Propone ricorso la condomina, ritenendo che la propria unità immobiliare debba essere ricondotta ad un solo fabbricato e propone ricorso incidentale il Condominio, che si duole della compensazione delle spese applicata dal Giudice di merito.
Osserva la Corte che “Al fine di stabilire se un appartamento sia compreso in un condominio edilizio, è infatti necessario verificare, con riferimento al momento della nascita del condominio (salvo eventuale titolo negoziale contrario, il cui apprezzamento è comunque affidato alle prerogative del giudice di merito: Cass. Sez. 2, Sentenza n. 3084 del 03/09/1976), se, con riguardo alla struttura ed alla conformazione di esso, e, dunque, in base ad elementi obiettivamente rilevabili, sussista il presupposto della permanente ed oggettiva destinazione al suo servizio ed al suo godimento dei beni di quell’edificio elencati nell’art. 1117 c.c., restando escluso che sia determinante pure l’esistenza di un collegamento materiale o di una via diretta di accesso tra parti condominiali e singola unità immobiliare.
E’ d’altro canto certamente ammissibile, per quanto si desume dall’art. 61 disp. att. c.c., che, pur in presenza di fabbricati che presentino elementi di congiunzione materiale, allorchè vengano costituiti condominii separati per le parti aventi i connotati di autonomi edifici, uno dei titolari di porzioni esclusive si ritrovi proprietario di un appartamento ricadente in entrambi i condominii (arg. da Cass.
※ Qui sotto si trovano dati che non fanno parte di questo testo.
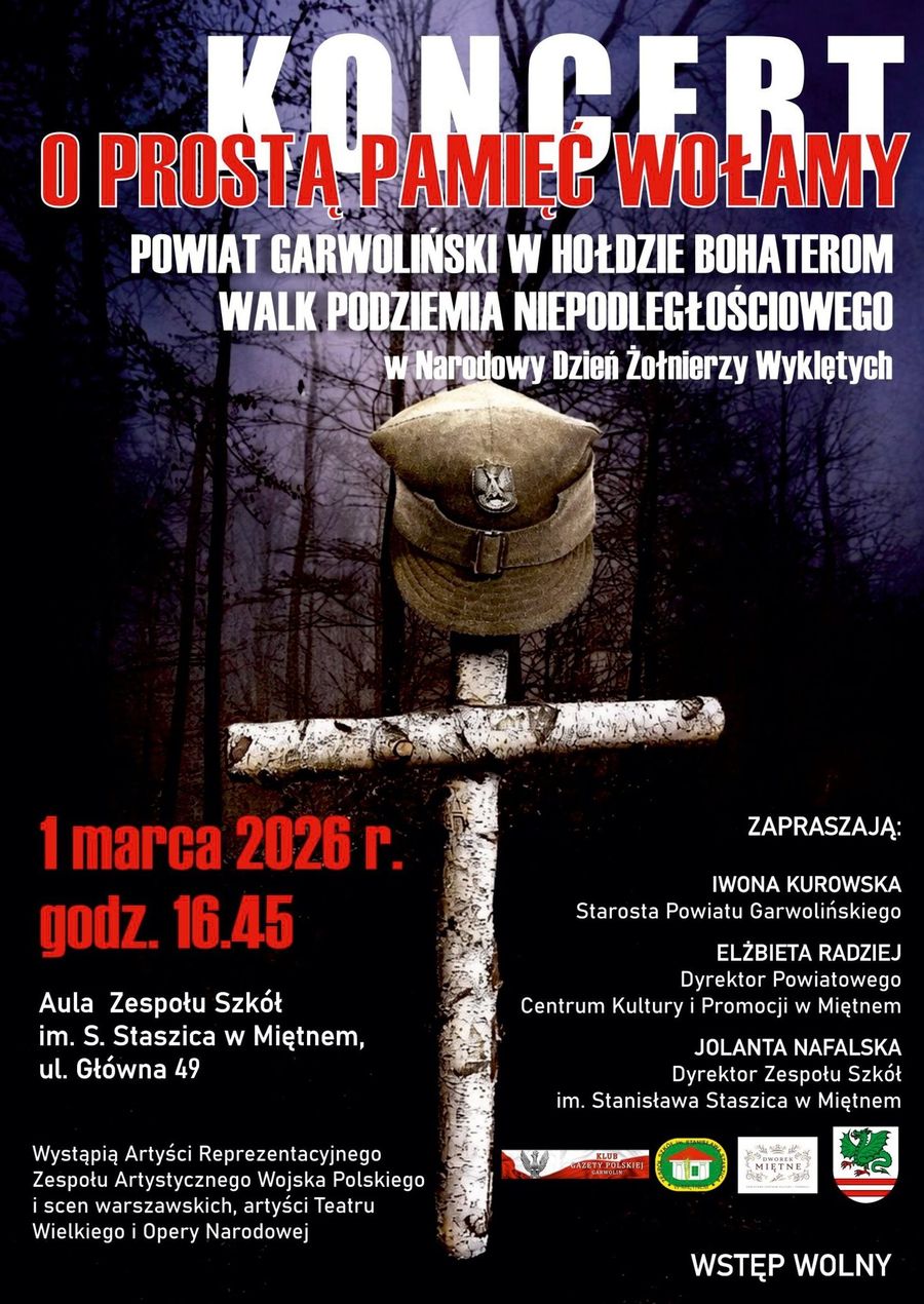 Druga część obchodów odbędzie się o godz. 16:45 w auli Zespołu Szkół im. Stanisława Staszica w Miętnem. Zaplanowano tam koncert „O prostą pamięć wołamy” – Powiat Garwoliński w hołdzie bohaterom walk podziemia niepodległościowego.
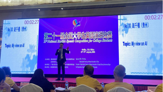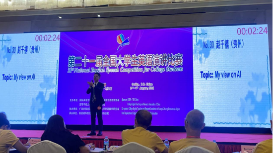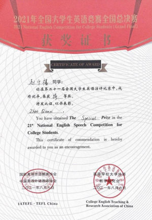 赵千禧同学通过层层选拔,从数百名进入总决赛的全国优秀选手中脱颖而出,在“第二十一届全国大学生英语演讲比赛”中摘得桂冠,以第一名的傲人成绩荣获特等奖!为学校争得荣誉!
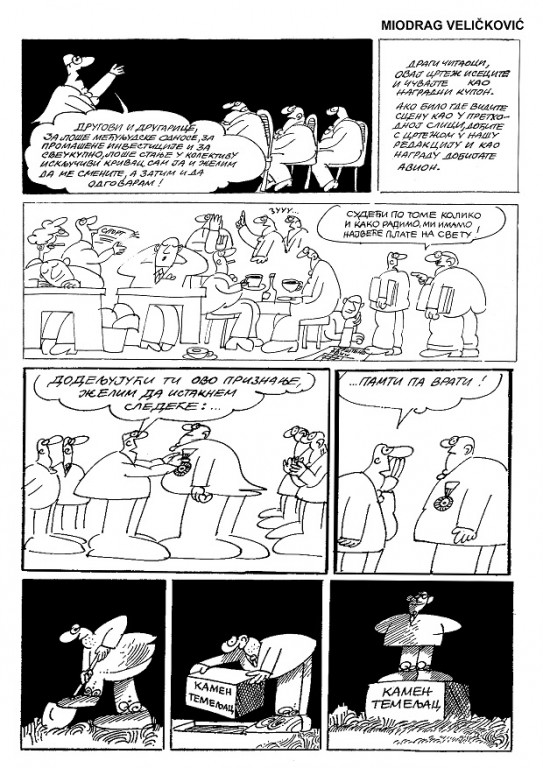 Nebitno, ostavimo to za posle, i pozabavimo se Miodragom Veličkovićem, nadimaknutim Mivel. Mivel je gotovo ceo svoj život, na ovaj ili onaj način, posvetio apsurdu života u zemlji kao što je SFR Jugoslavija, pa SR Jugoslavija, pa Srbija i Crna Gora, te na kraju samo Srbija. Sa svojim karikaturama – primarno zanimanje mu je upravo karikaturist – i stripovima je pobrao preko sto nagrada širom zemlje (sa njenim varirajućim oblikom i veličinom) i sveta. U rodnom Leskovcu ovaj podatak je njegove sugrađane, i one na vlasti i one daleko od bilo kakvog sličnog položaja, komotno zaobišao. Poznavali su ga kao stalnog saradnika nedeljnika „Naša reč“.U ovom listu Mivel je obavljao funkciju karikaturiste, novinara, tehničkog urednika, pisca aforizama i tekstova o stripu. Pravi pokazatelj njegove produktivnosti je strip-kaiš „Bocko“, koji je do Mivelovog izlaska iz „Naše reči“ redovno nalazio utočište u ovom leskovačkom nedeljniku. Dok su njegovi belosvetski uspesi ostali belosvetski i mahom nepoznati unutar granica rodnog kraja, „Bocko“ je bio i ostao lokalni fenomen. Nije doživeo slavu Coraxovih ili Borkovićevih karikatura, barem širom zemlje. Razlog više zašto je albumsko izdanje „Best of Bocko“ bilo nužno.

Sez. 2, Sentenza n. 2324 del 01/03/1995; Cass. Sez. 2, Sentenza n. 4439 del 07/08/1982).
Il ricorso di L.F., pur deducendo una censura per violazione e falsa applicazione dell’art. 1117 c.c., si sostanzia, in realtà, nella prospettazione di una ricostruzione degli elementi materiali della fattispecie diversa da quella accolta dalla Corte del merito, e dunque invoca un giudizio di mero fatto, del tutto estraneo al sindacato di legittimità.”
Quanto alle spese: “La Corte d’Appello di Roma ha compensato le spese processuali di entrambi i gradi di giudizio, ponendo a carico delle parti la metà ciascuno delle spese di CTU, “stante l’opinabilità della questione, che peraltro ha necessitato di accertamenti tecnici”. Il Condominio di via delle TC 15, Roma, denuncia al riguardo la violazione degli artt. 91 e 92 c.p.c. per difetto delle “gravi ed eccezionali ragioni” ex art. 92, comma 2, c.p.c.
Tuttavia, nei giudizi, quale quello in esame, instaurati anteriormente all’entrata in vigore della legge 18 giugno 2009, n. 69, la compensazione delle spese può essere disposta – ai sensi dell’art. 92, comma 2, c.p.c., nel testo anteriore alle modifiche apportate dall’art. 45, comma 11, di detta legge – per “giusti motivi esplicitamente indicati dal giudice nella motivazione della sentenza”, e non per “gravi ed eccezionali ragioni esplicitamente indicate nella motivazione”. Nella vigenza di tale formulazione dell’art. 92, comma 2, c.p.c., la scelta di compensare le spese processuali rimane riservata al prudente, ma comunque motivato, apprezzamento del giudice di merito, la cui statuizione può essere censurata in sede di legittimità soltanto quando siano illogiche o contraddittorie le ragioni poste alla base della motivazione, ipotesi nella specie certamente non sussistente.”